WHAT YOU ARE ASKED TO DO> Begin at the line that has "O kit de cortadores", stop after the line that has "EX-4.2VIDLER WATER RESOURCES, INC.", and print exactly those lines from the records below, without any pictures.

Data records
^^^^^^^^
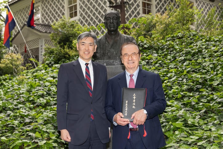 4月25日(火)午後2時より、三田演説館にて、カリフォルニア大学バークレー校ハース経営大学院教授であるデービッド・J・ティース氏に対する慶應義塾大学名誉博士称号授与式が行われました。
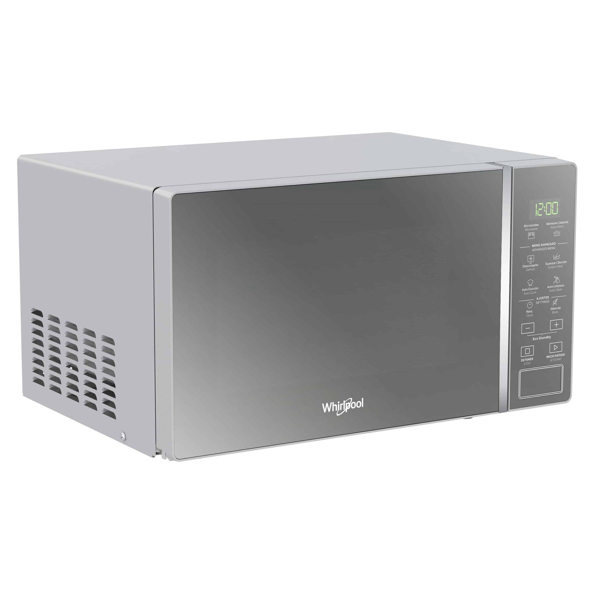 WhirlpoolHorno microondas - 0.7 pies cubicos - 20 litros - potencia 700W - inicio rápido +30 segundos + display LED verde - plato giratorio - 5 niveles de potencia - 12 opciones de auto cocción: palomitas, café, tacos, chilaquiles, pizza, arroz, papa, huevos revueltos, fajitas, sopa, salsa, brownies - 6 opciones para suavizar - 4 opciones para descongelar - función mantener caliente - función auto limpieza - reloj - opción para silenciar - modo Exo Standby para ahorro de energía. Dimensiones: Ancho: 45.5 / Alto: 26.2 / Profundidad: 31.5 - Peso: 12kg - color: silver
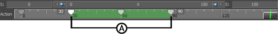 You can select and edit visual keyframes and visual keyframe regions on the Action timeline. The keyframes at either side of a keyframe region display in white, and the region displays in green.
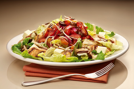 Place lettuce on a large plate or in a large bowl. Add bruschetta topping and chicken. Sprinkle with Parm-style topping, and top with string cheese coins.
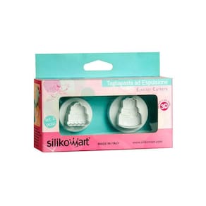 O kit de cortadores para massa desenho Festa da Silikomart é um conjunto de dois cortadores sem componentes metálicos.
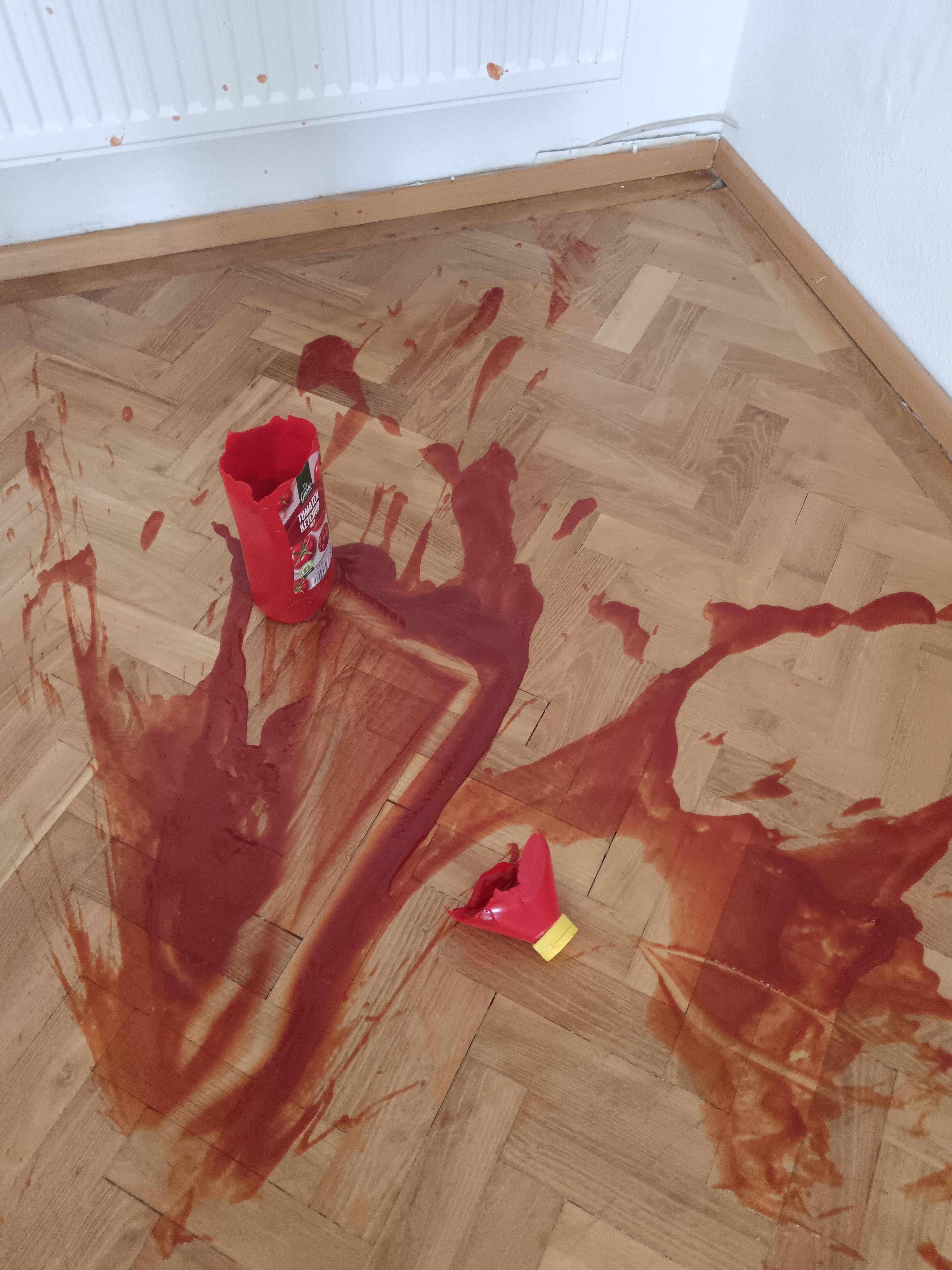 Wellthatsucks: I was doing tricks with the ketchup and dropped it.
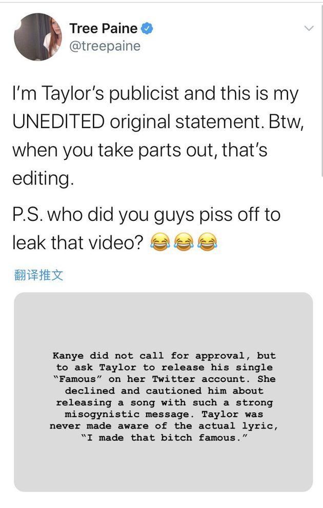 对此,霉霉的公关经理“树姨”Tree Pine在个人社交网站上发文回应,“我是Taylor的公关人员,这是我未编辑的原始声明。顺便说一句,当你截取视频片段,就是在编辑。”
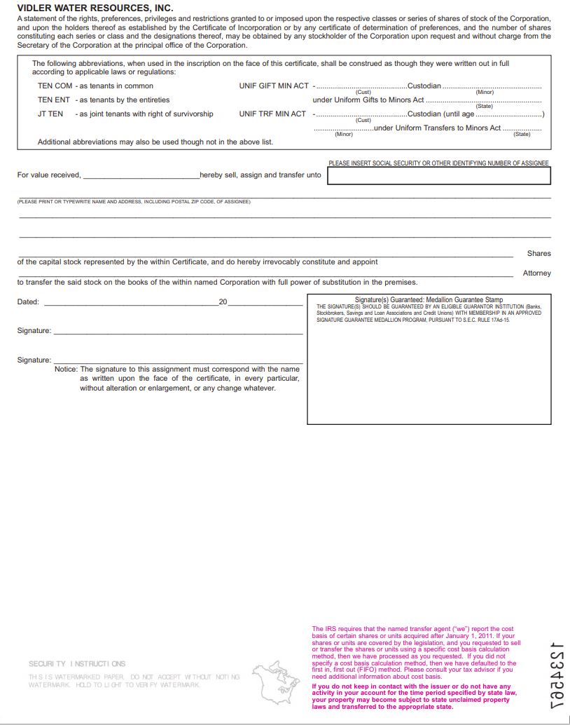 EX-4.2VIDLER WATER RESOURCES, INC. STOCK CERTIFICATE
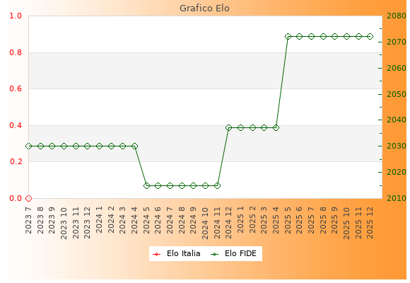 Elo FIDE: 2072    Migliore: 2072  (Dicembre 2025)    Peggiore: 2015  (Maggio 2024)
^^^^^^^^
RESPONSE BELOW>
 O kit de cortadores para massa desenho Festa da Silikomart é um conjunto de dois cortadores sem componentes metálicos.
 Wellthatsucks: I was doing tricks with the ketchup and dropped it.
 对此,霉霉的公关经理“树姨”Tree Pine在个人社交网站上发文回应,“我是Taylor的公关人员,这是我未编辑的原始声明。顺便说一句,当你截取视频片段,就是在编辑。”
 EX-4.2VIDLER WATER RESOURCES, INC. STOCK CERTIFICATE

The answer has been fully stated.